Rona looked at him. He was a man in love with the word courage.
“Moral courage,” he said bitterly, and finished his drink. “Come on, let’s find the bar.”
“But—”
“The circus hasn’t begun yet. You ought to stay and complete your first steps in political education.”
“Charles, you’ll get drunk again,” Thelma said, appearing beside his chair. She looked down at him dispassionately. He was the first man, Rona thought, who seemed to rouse no emotion in Thelma. The effect on Charles was odd. He rose to his feet, making the most of his five feet four inches. He looked at Thelma, not with hatred but with almost a touch of shame in his disgust.
“I like getting drunk,” he said, his low voice rising to its highest pitch. He kept staring at Thelma. She laughed and turned away, leaving them. “Silly boy!” she said. But her mouth closed in an angry line.
Rona said hurriedly, “I have to leave.” She watched Thelma’s gold-braided head as it made its way toward the spinet. When Charles didn’t answer, she looked at him. He was still standing as Thelma had left him. His smooth face was now emotionless, but the knuckles that gripped his empty glass were white. Suddenly, the glass cracked and splintered. He threw it into the fireplace behind him, bringing Rona to her feet. No one else seemed startled. Someone laughed.

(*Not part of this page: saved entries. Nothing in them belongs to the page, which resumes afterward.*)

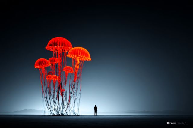 Under the enveloping cloak of night, a surreal scene unfolds where the ordinary dissolves into the extraordinary. At the heart of this vision, ethereal jellyfish, aglow with a vibrant, fiery hue of oranges and reds, tower over a solitary figure. These majestic creatures of light, reminiscent in form to the fantastical entities one might witness at the Burning Man festival, hover slightly above the ground, their tentacles trailing delicately. This striking juxtaposition ignites the imagination, suggesting an unearthly invasion peaceful in its approach, stark against the minimalist backdrop. The observer, dwarfed and undefined, stands as a silent witness to this otherworldly tableau. The interaction between human and fantasy highlights a narrative of curiosity and wonder, a dialogue between the mundane and the magical. The vast, empty horizon stretches beyond, tinted a deep, enigmatic blue that fades into the abyss of the unknown. This art piece invites viewers to linger in contemplation, to explore the boundaries of reality and the depths of their own perception.
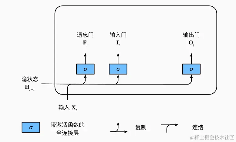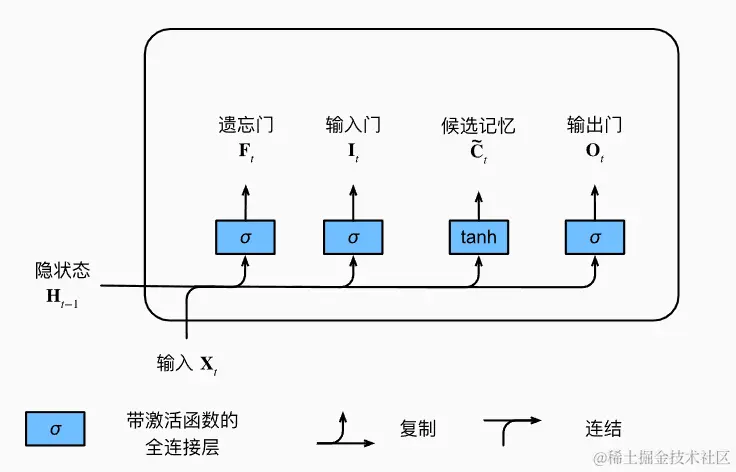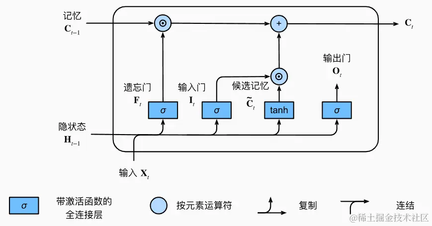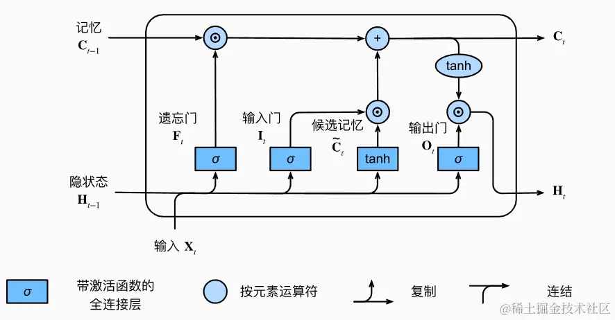 这三个门的计算方式与GRU相同,不同的是,LSTM引入了一个候选记忆单元(Candidate Memory Cell)
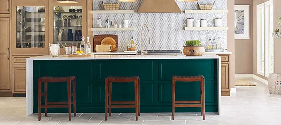 While grey has really taken over the interior paint world, too much grey can become boring and cold. Mix it up with a warm, grey stain over your kitchen cabinets that still reveals the wood’s natural graining. This hue pairs nicely with modern stainless steel accents and appliances and works in a variety of kitchen style. Enjoy the versatility of grey without sacrificing warmth and detail.
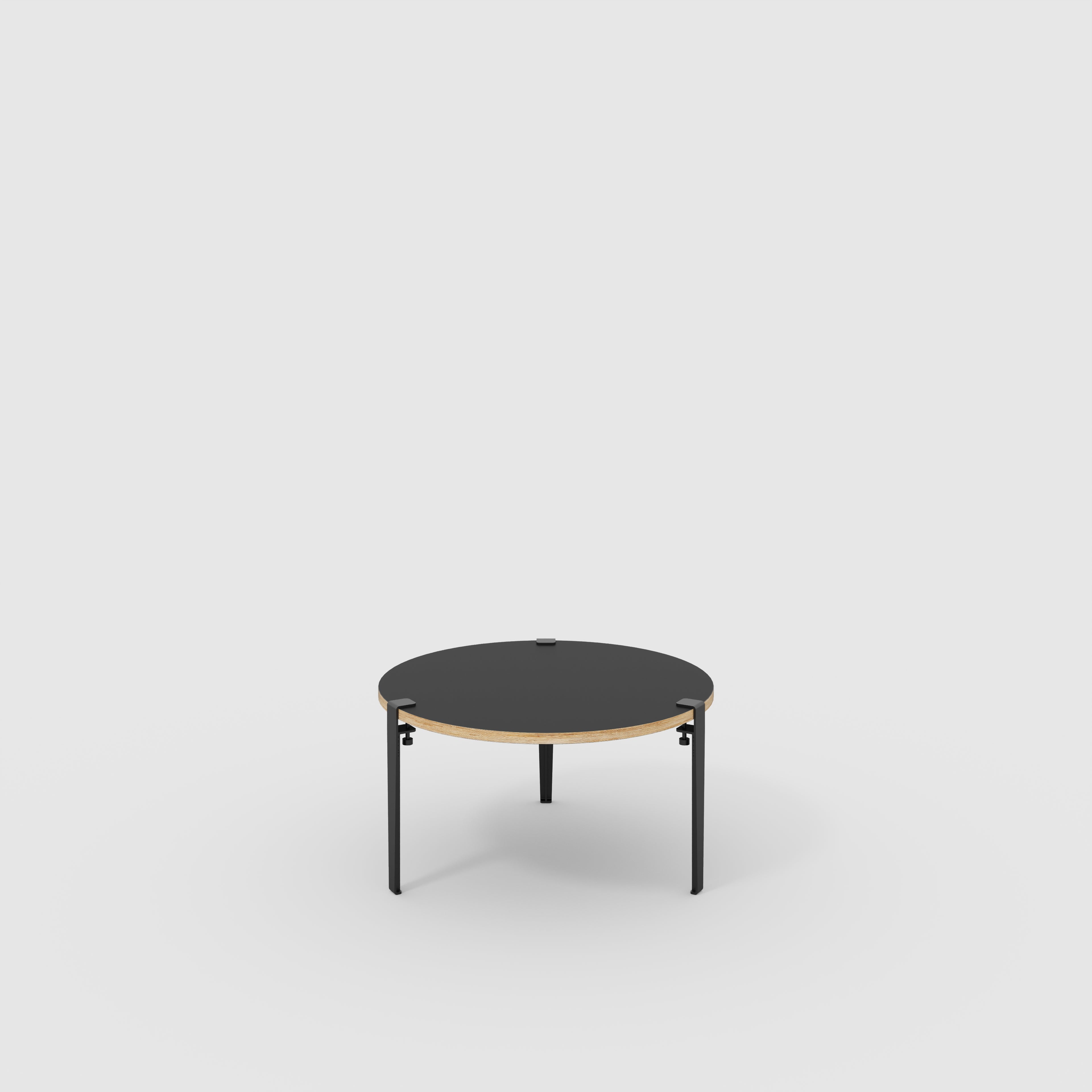 Plywood Round Coffee Table with Black Tiptoe Legs - Formica Diamond Black - 800(dia) x 430(h)
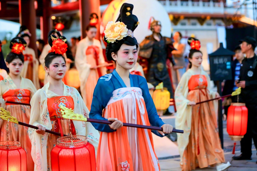 Photo shows a Hanfu show at the Jiuzhou Pond Scenic Area in Luoyang city, central China's Henan Province. (Photo courtesy of Jiuzhou Pond Scenic Area)
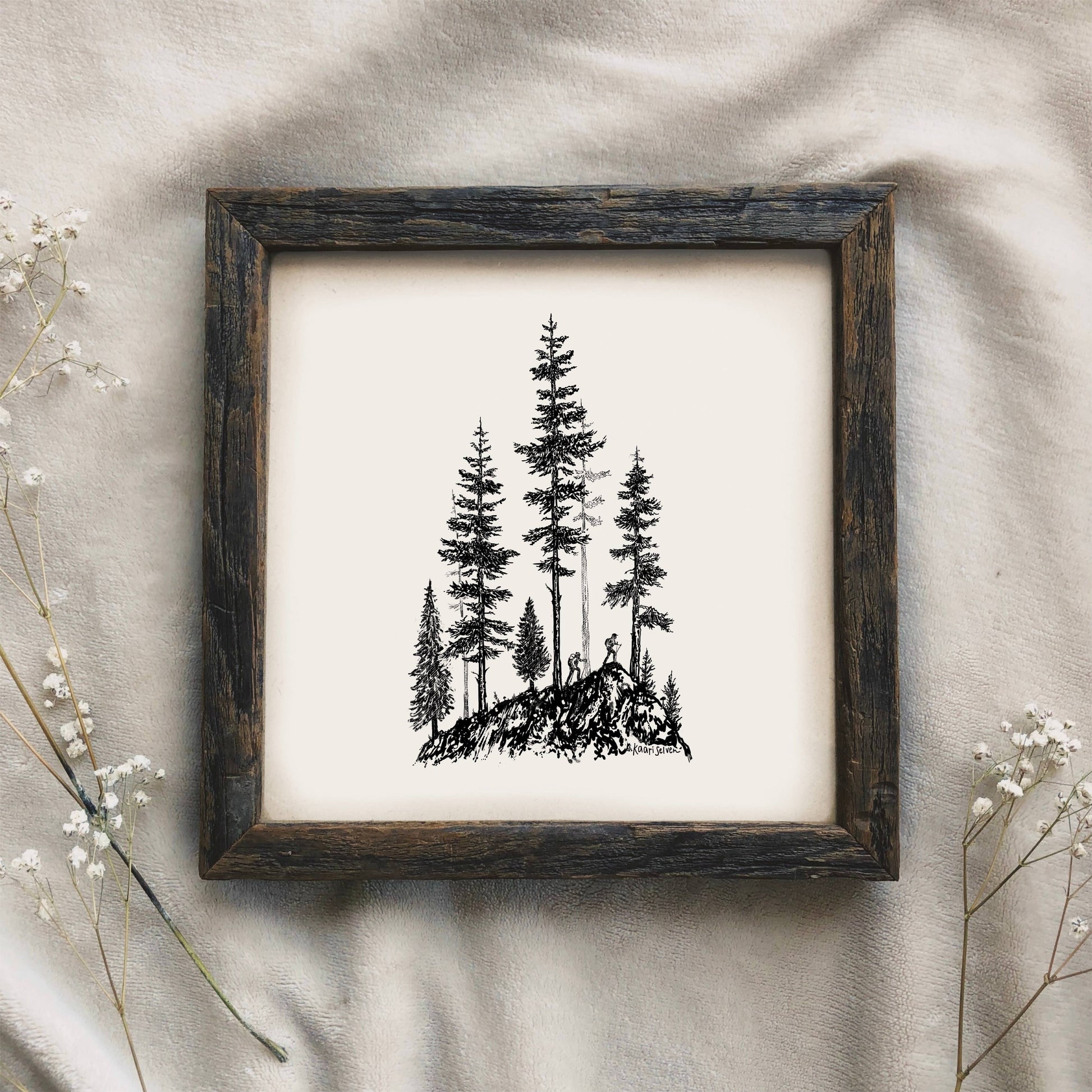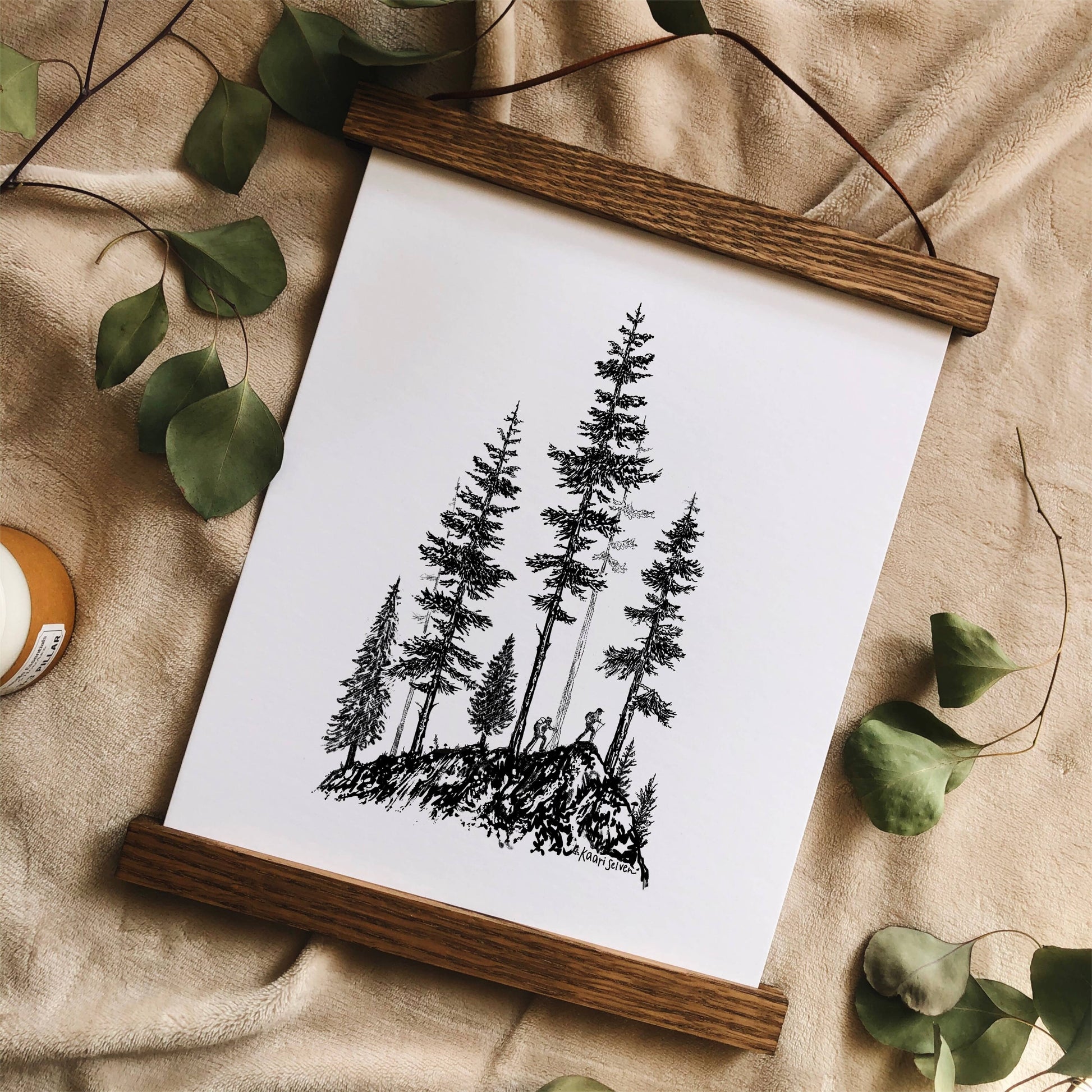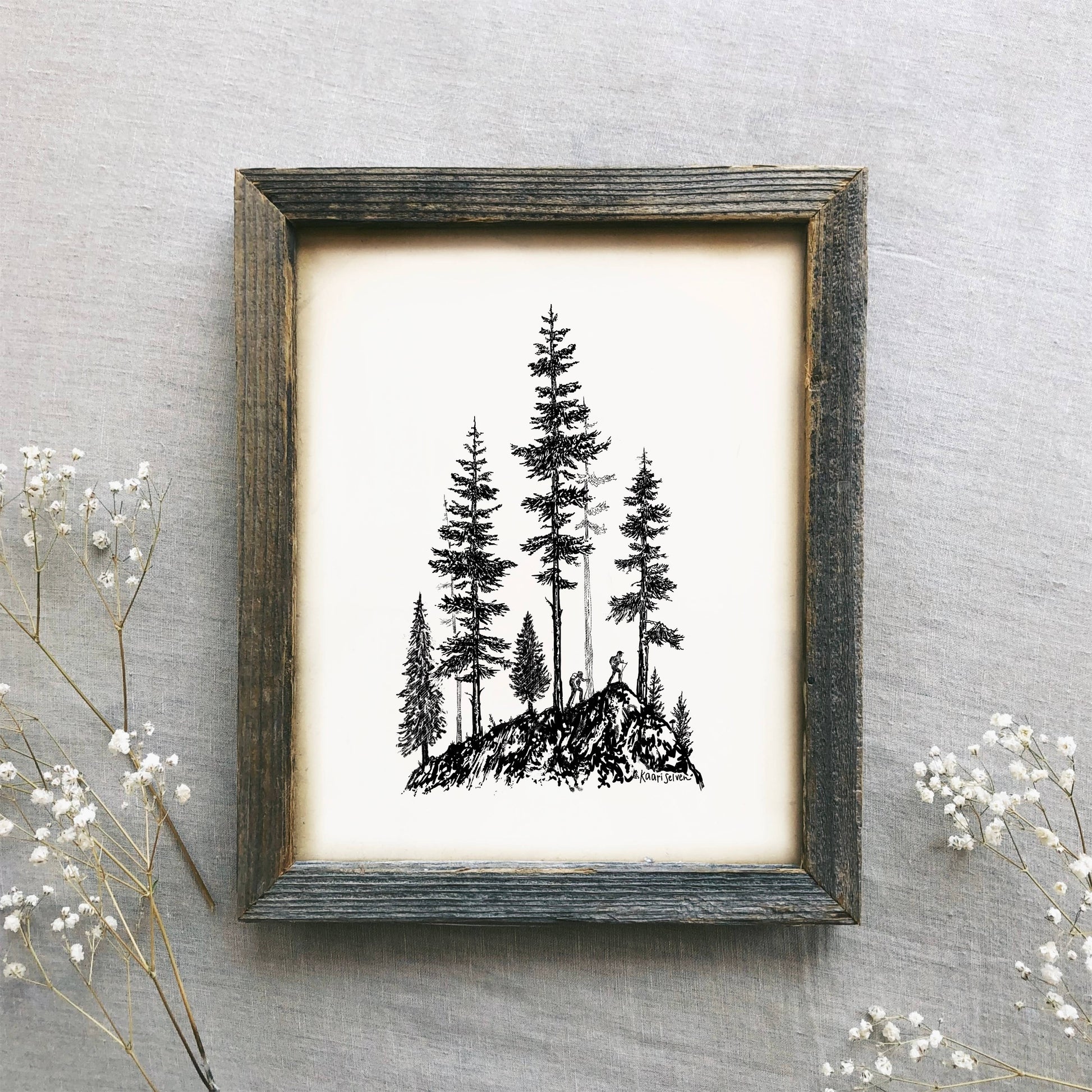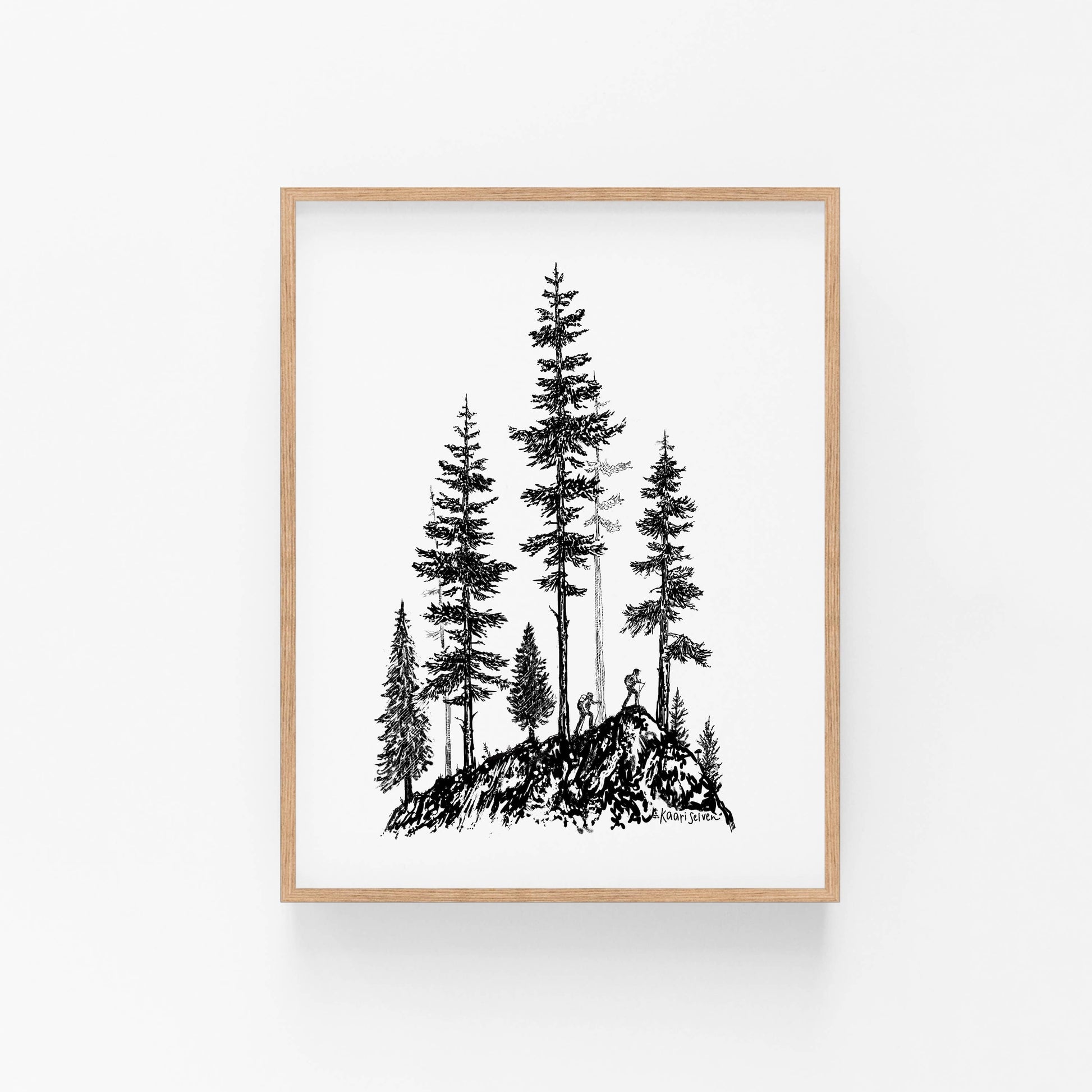 This nature-inspired art print features two hikers in a whimsical forest of tall trees. Kaari's art catches the eye of the adventure enthusiast who loves to explore the great outdoors.
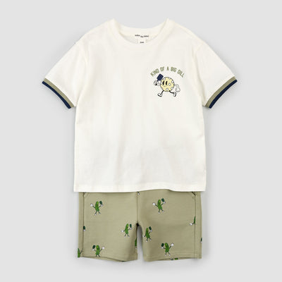 Game, set and ready for fun, this quirky shorts set uses our playful Pickleball Boy print on the shorts and our ‘Kind of a big dill’ motif on the top. There’s a ribbed neckline and contrast hems on the sleeves to create a sporty feel while the French terry shorts have an elasticated waistband for easy comfort. Ideal for tiny champs, the set is light and comfortable for all-day wear.
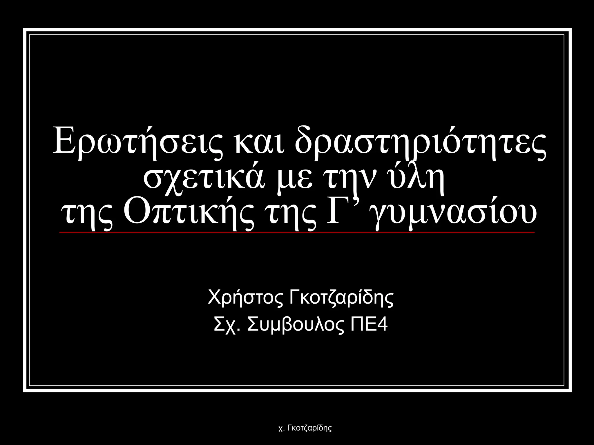 Ερωτήσεις και δραστηριότητεςσχετικά με την ύλη της Οπτικής της Γ’ γυμνασίου Χρήστος Γκοτζαρίδης Σχ. Συμβουλος ΠΕ4 χ. Γκοτζαρίδης
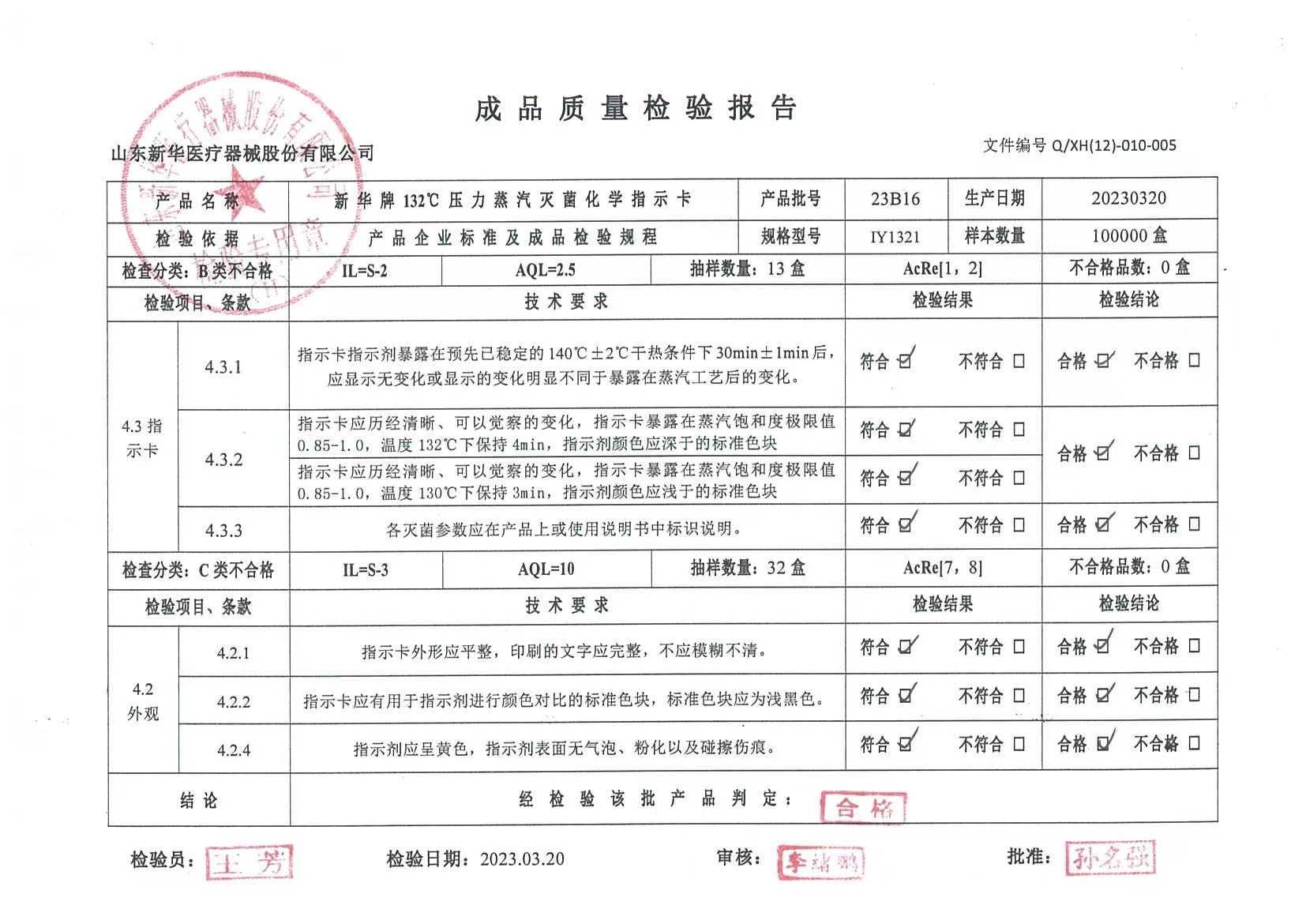 新華牌 121℃壓力蒸汽滅菌化學(xué)指示卡 I型 批號(hào)23B03 生產(chǎn)日期20230301

“Your hand!” Rona said, searching for a handkerchief.
He looked at her gloomily, sadly. Then he left her as abruptly as he had first spoken to her. Blood dripped on the blue and gold rugs, leaving a thin small trail to the door.
Rona watched him leave. If this party is a circus, she thought, I’m afraid Charles is one of the clowns. Then she quickly forgot Charles. At the door Paul Haydn was standing. He looked around the room, hesitated, and then came straight toward Rona.
“Hello,” Paul said, “you look frightened.”
“I’ve lost Scott,” Rona said, trying to keep her voice gay. “What on earth brought you here?”
“I thought you needed some reinforcements.” He, too, was speaking lightly. He had meant to avoid Rona, but when he had come into the room and had suddenly seen that look of real fright on her face, he had broken all his resolutions.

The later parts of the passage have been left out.